In the material below, the lines between the one holding "Le cadre de" and the one holding "Dette runde udtræksbord", inclusive, are to be set down word for word. Pictures stay out.

EXTRACTED INFORMATION:
··········

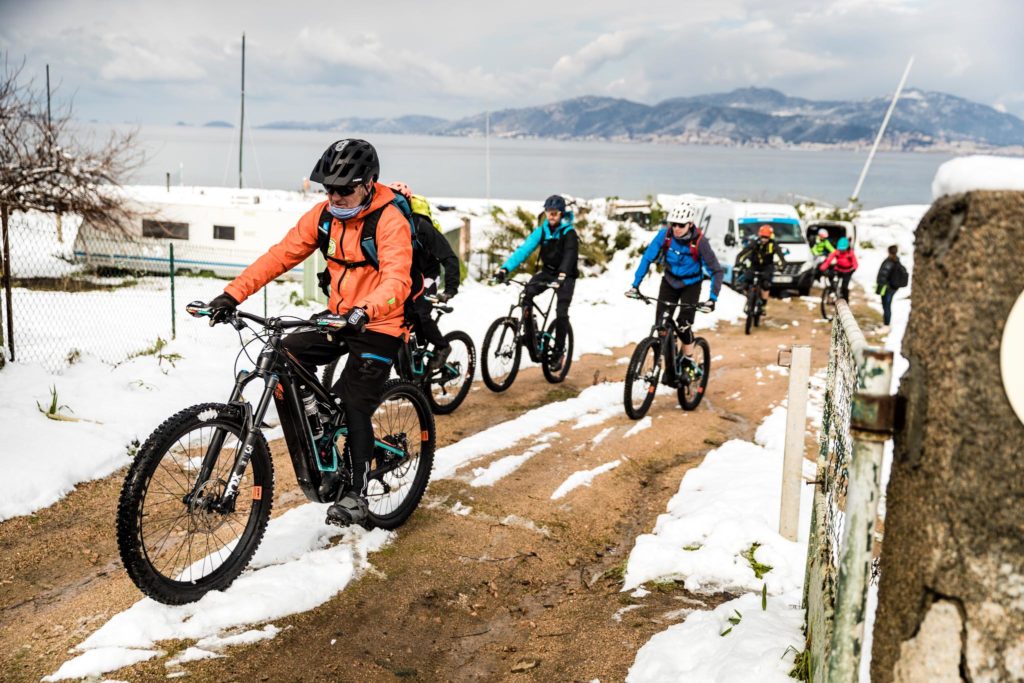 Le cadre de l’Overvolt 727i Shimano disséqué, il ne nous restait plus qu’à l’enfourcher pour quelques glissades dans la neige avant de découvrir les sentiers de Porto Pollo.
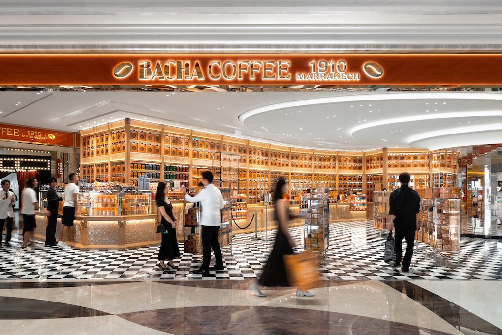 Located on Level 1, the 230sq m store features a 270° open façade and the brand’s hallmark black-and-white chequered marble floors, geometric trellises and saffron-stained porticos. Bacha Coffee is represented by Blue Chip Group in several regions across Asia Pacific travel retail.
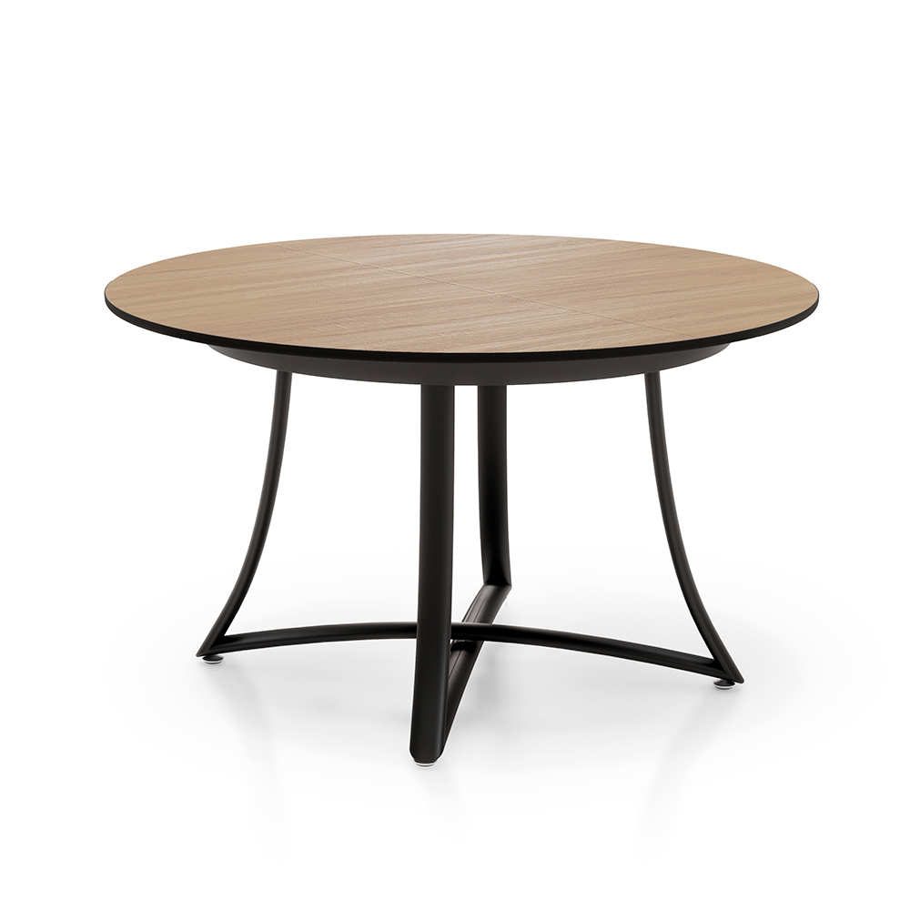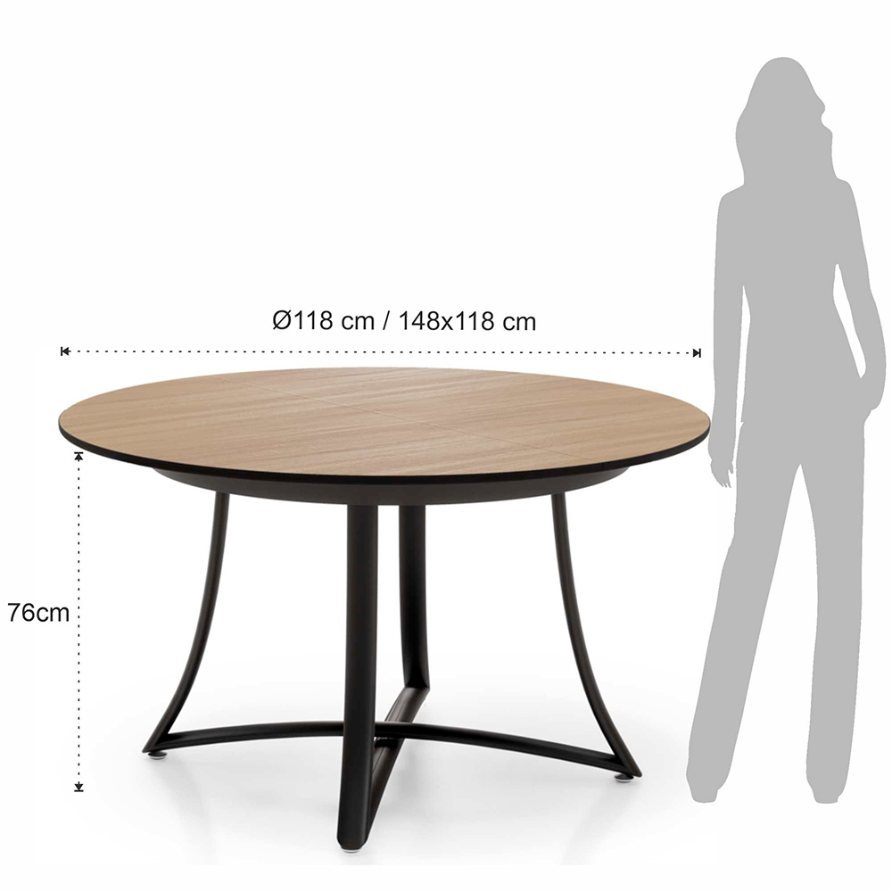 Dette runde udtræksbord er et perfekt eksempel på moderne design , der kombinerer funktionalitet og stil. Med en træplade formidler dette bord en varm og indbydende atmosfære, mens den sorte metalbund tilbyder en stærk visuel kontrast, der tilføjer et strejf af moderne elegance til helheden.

··········

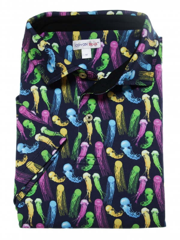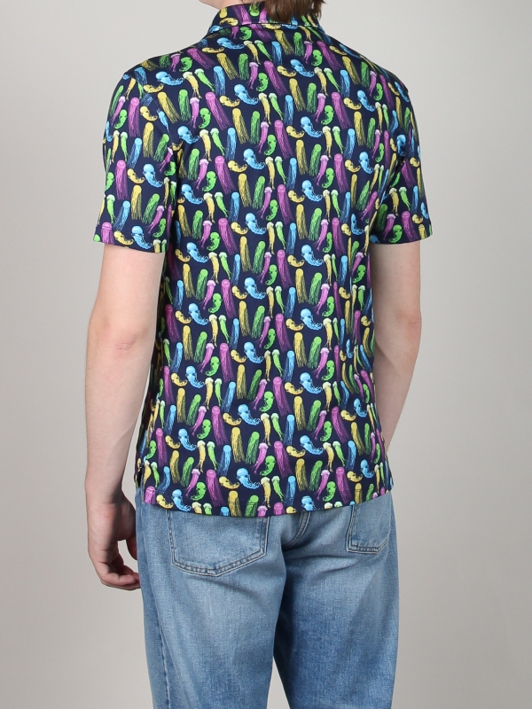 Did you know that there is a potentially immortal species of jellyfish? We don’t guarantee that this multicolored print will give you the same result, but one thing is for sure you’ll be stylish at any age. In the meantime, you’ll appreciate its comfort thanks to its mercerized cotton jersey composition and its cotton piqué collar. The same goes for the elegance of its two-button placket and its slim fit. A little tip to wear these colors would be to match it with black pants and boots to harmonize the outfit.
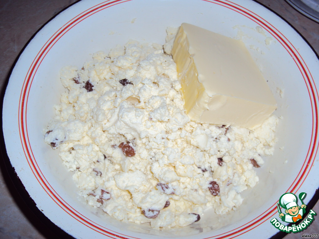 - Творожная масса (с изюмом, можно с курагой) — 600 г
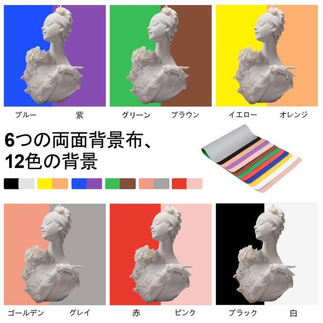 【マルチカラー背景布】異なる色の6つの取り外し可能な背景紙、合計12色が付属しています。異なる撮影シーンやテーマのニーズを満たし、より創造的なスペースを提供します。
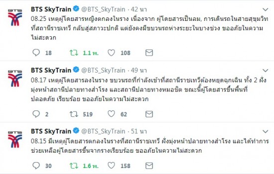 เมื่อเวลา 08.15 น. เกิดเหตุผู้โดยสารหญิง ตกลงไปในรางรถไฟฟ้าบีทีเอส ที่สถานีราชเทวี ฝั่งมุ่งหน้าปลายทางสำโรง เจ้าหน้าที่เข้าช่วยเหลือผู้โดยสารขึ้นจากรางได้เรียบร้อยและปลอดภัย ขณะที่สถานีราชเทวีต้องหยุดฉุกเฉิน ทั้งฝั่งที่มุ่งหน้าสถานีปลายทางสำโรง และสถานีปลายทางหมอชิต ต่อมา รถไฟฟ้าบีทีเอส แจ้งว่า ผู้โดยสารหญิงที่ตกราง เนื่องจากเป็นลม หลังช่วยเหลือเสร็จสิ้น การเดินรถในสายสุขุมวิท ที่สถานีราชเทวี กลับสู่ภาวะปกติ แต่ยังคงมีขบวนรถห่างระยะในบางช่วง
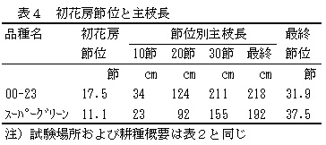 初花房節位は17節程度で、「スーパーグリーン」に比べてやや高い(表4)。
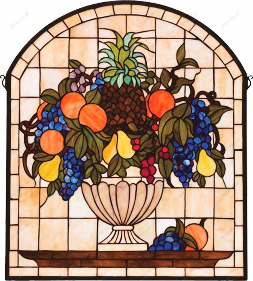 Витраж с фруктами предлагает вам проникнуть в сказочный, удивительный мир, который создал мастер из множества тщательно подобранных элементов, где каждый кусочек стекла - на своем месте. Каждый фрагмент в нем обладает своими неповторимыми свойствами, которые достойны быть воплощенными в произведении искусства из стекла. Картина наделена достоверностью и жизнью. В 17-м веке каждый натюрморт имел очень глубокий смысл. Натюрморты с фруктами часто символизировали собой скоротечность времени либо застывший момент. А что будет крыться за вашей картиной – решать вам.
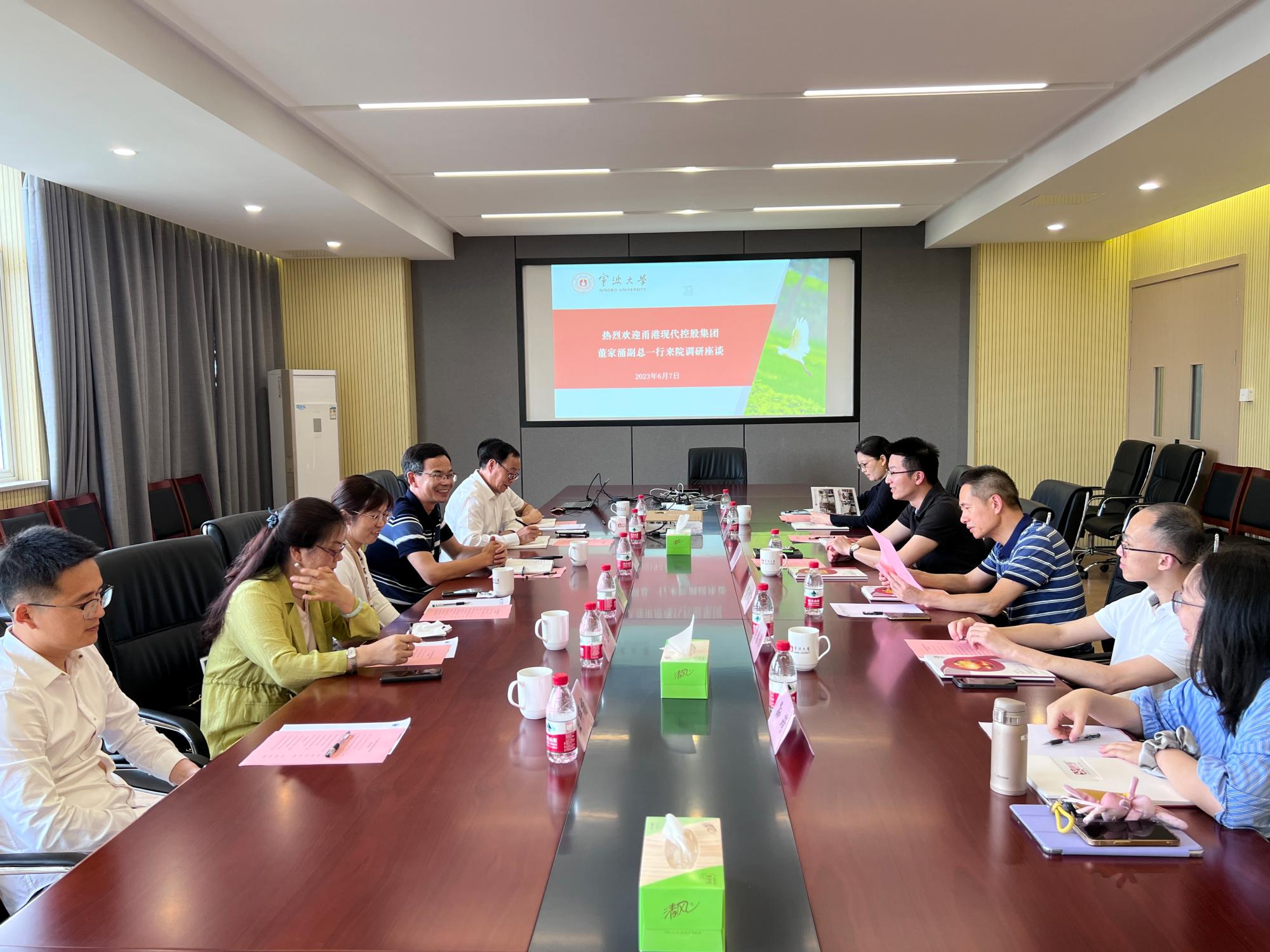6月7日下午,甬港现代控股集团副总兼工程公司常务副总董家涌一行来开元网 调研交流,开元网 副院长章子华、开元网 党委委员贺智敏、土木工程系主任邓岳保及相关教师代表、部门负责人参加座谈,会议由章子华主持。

··········

ANSWER BOX:
 Le cadre de l’Overvolt 727i Shimano disséqué, il ne nous restait plus qu’à l’enfourcher pour quelques glissades dans la neige avant de découvrir les sentiers de Porto Pollo.
 Located on Level 1, the 230sq m store features a 270° open façade and the brand’s hallmark black-and-white chequered marble floors, geometric trellises and saffron-stained porticos. Bacha Coffee is represented by Blue Chip Group in several regions across Asia Pacific travel retail.
 Dette runde udtræksbord er et perfekt eksempel på moderne design , der kombinerer funktionalitet og stil. Med en træplade formidler dette bord en varm og indbydende atmosfære, mens den sorte metalbund tilbyder en stærk visuel kontrast, der tilføjer et strejf af moderne elegance til helheden.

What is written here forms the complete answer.